Common courtesy is something that has been lost throughout time. She should have said after the first time you contacted her that she would be 1)busy for the remainder of the day 2) let you know that she is not ready for the next step or 3) just flat out tell you that you're not a match from the beginning instead of playing a game of cat and mouse.

I try my best to see and understand both sides of the issue here. The more i read,the more i thought about it, read your profile, I agree there were some questions that should have been asked if she didn't understand a few areas. The lesson you should take away from this be more open in conversations (if you haven't done so) about how you feel you should be respected, how much time you expect from your sub to tend to your needs.
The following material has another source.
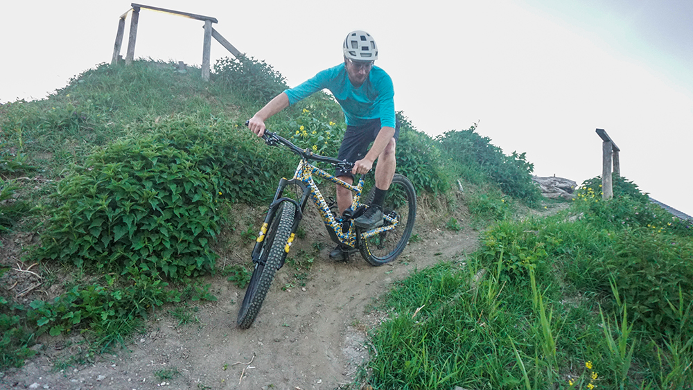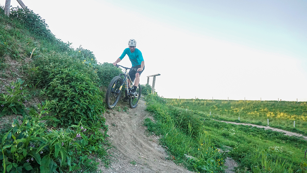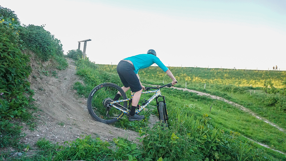 Wederom is het belangrijk eerst het pad te scannen. Een switchback zoals in dit voorbeeld is op verschillende manieren te nemen. Bijvoorbeeld door je gewicht naar voren te verplaatsen en het achterwiel in de lucht om te zetten. Deze ‘next level’ technieken besparen we je. We houden vandaag de voetjes aan de grond.

We all have lives outside bdsm and there are some who are having a hard time balancing both worlds or trying to combine both worlds into one.

I feel that you should have shown interest in her day or activities. Like with the gardening, did you ask what she was planting? How long does it take etc. In other words, show interest in her world besides strictly the bdsm world. That plays a very big part as well. We are all human and need interaction with one another or so many levels. Like with any other relationship/dynamic, connection, respect,communication, trust etc is key.